Prometheus exporter vs OTLP for Temporal SDK metrics in multi-worker deployments
I just wrote up a detailed comparison of these two approaches, specifically for the case where you run multiple Temporal workers on the same host (bare metal, PM2, systemd).
The core issue is that the Prometheus exporter starts an in-process HTTP server. Scale to 2+ workers on the same machine → every worker tries to bind:9464 → EADDRINUSE. You can assign unique ports per worker, but now your Prometheus scrape config is tightly coupled to your process management.
The alternative: OTLP push to a shared OpenTelemetry Collector. All workers push to grpc://localhost:4317; the collector aggregates and serves Prometheus text format on:9464. One scrape target regardless of worker count—no port management.
The post includes:
\- Working OTel Collector config (OTLP receiver → batch processor → Prometheus exporter)

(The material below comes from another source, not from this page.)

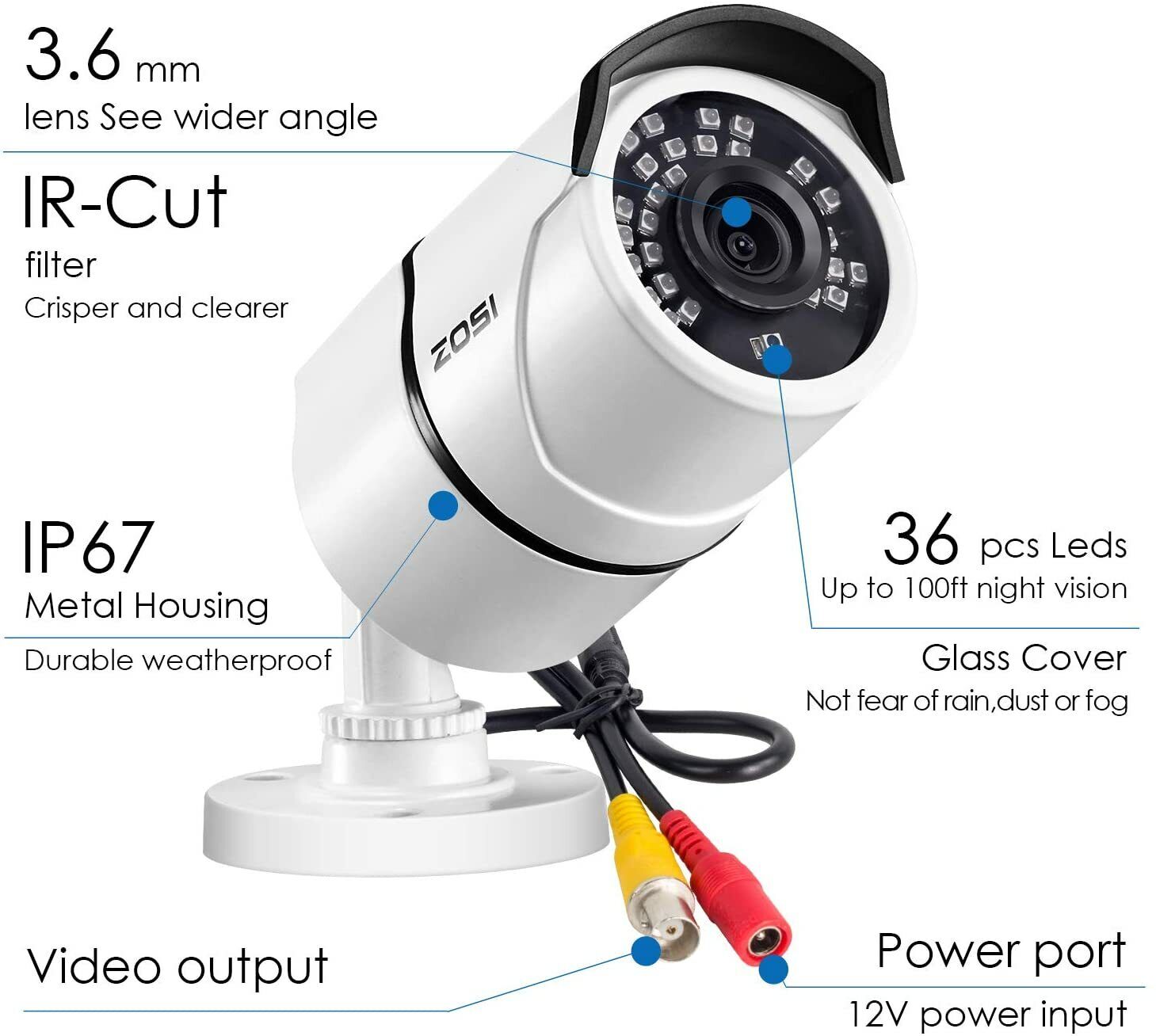 ZOSI 2MP 1080p 4in1 Caméra de Surveillance Extérieur 3.6mm Lens 30M IR 36pcs LED

\- Docker Compose with proper resource limits
\- PM2 ecosystem config with per-worker service names
\- Startup guard script so the collector doesn't fail silently
\- Honest discussion about metrics loss when the collector is down
\- Comparison table of both approaches
Would be interested to hear what others are using. I know K8s changes the equation since each worker is its own pod with its own port — Prometheus operator handles that well. But for bare metal / PM2 users, OTLP has been a big improvement.
TLDR: Prometheus exporter for single workers/Docker/K8s, OTLP for multi-worker on same host.
(GPT has been used to write this body.)